AI can process vast information but cannot replicate human common sense, which is the sum of lived experiences. This gap makes it unreliable for tasks requiring nuanced judgment, authenticity, and emotional understanding, posing a significant risk to brand trust when used without oversight.

Contrary to human intuition, a massive, well-documented domain makes an AI's job easier, not harder. More documentation provides more 'maps' for the AI to navigate. In contrast, a simple human conflict is unsolvable for an AI because its context isn't formalized or archived, creating a void of information.
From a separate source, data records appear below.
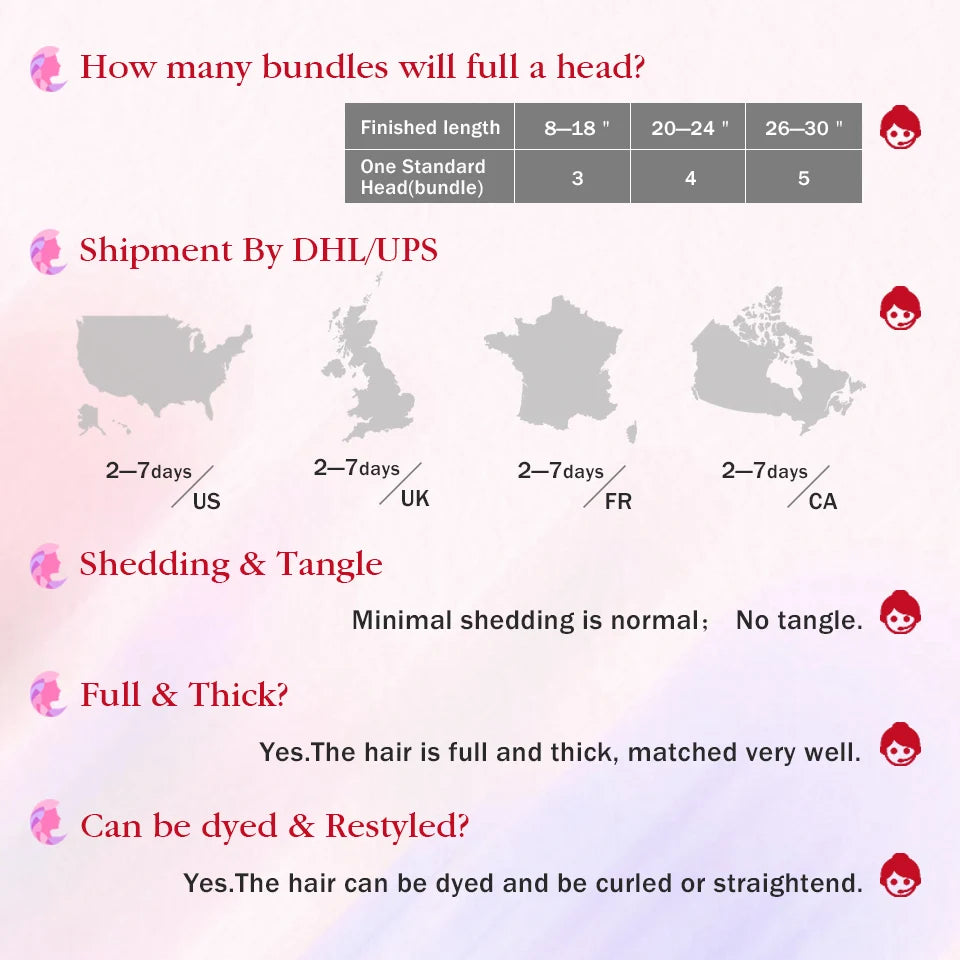 For Full Head: 3-5 Pcs Meet The Needs of 98% Of Customers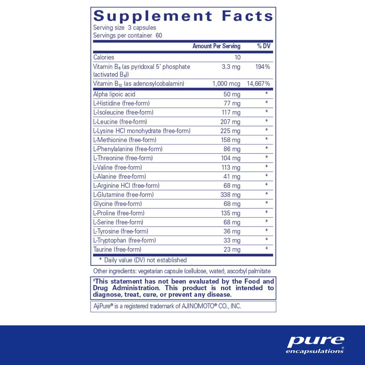 Amino-NR is an amino acid dietary supplement that supports athletic activity, immune function, and daily wellness. Dietary amino acids provide important support for athletic training by promoting muscle performance and recovery. From trained athletes to the elderly, dietary amino acids also play an important role in immune health, primarily attributed to support for healthy glutamine and glutathione levels. Alpha lipoic acid and adenosylcobalamin provide additional support for mitochondrial function and energy. Adenosylcobalamin is the form of vitamin B12 active in mitochondria, promoting mitochondrial energy (ATP) production, in part by supporting MCM enzyme activity, which declines with age. Animal studies suggest it specifically enhances mitochondrial bioenergetics, promotes type IIA fast twitch muscle fiber size during aging, and stabilizes neuro-muscular junctions.10 Vitamin B6 acts as a cofactor for healthy amino acid and energy metabolism.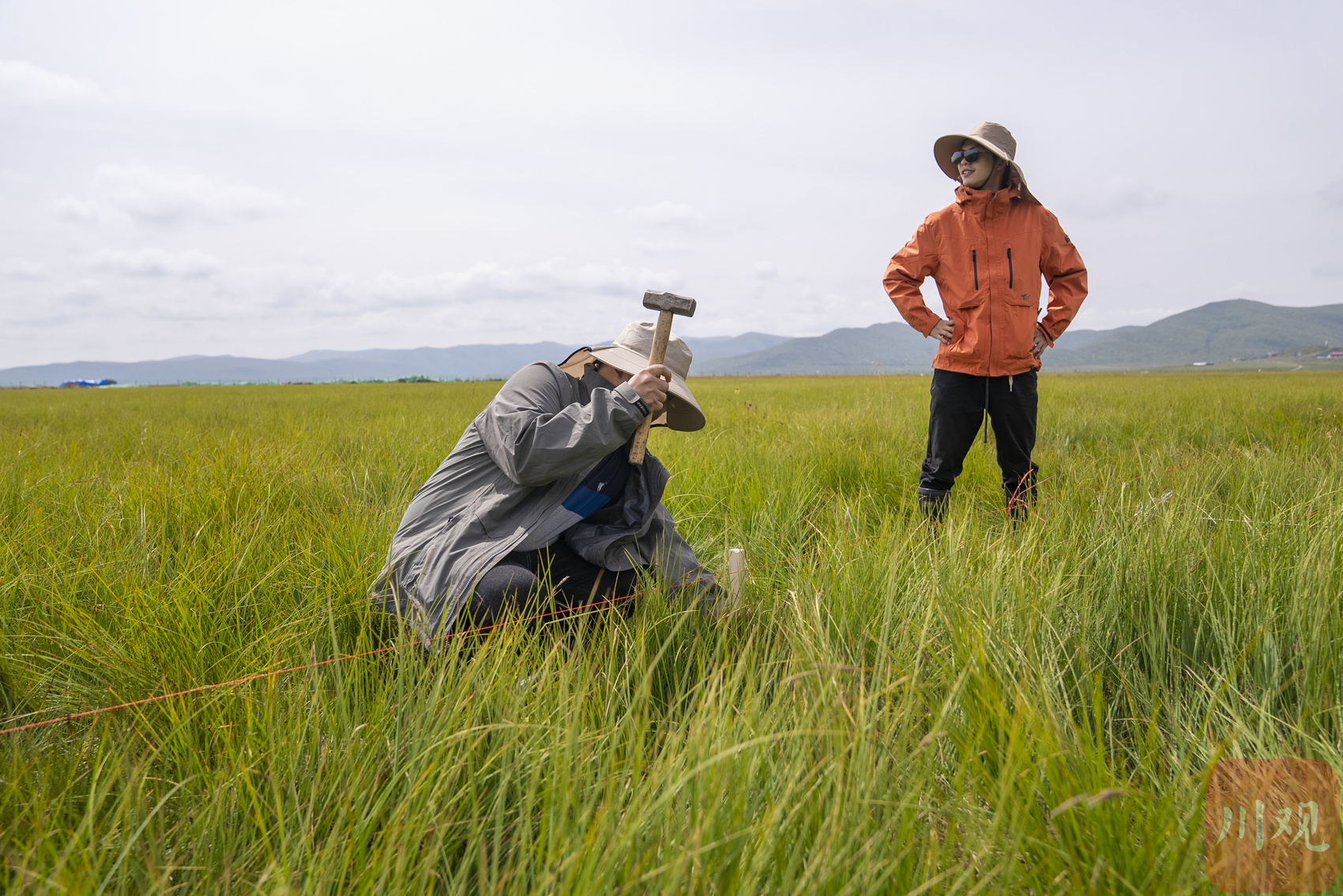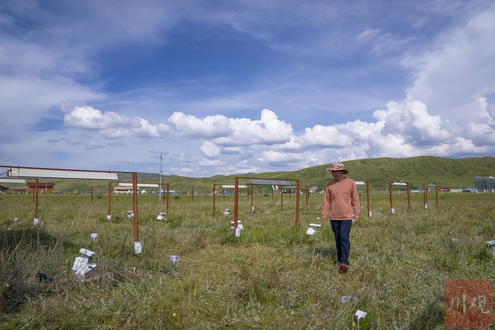 在海拔3600多米的阿坝藏族羌族自治州红原县瓦切镇北部,“红军过草地纪念碑”屹立在日干乔大沼泽。远远望去,空旷无垠的沼泽地,青草和蓝天自成一体,若尔盖站综合观测场的设施隐约可见。若尔盖站站长助理胡健,正带着技术人员在规划观测样地。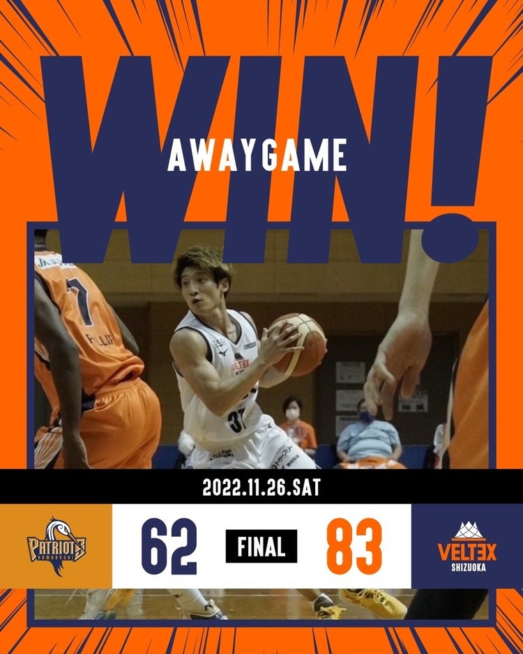 山口ペイトリオッツ 62-83 ベルテックス静岡

AI systems often collapse because they are built on the flawed assumption that humans are logical and society is static. Real-world failures, from Soviet economic planning to modern systems, stem from an inability to model human behavior, data manipulation, and unexpected events.

While AI can effectively replicate an executive's communication style or past decisions, it falls short in capturing their capacity for continuous learning and adaptation. A leader’s judgment evolves with new context, a dynamic process that current AI models struggle to keep pace with.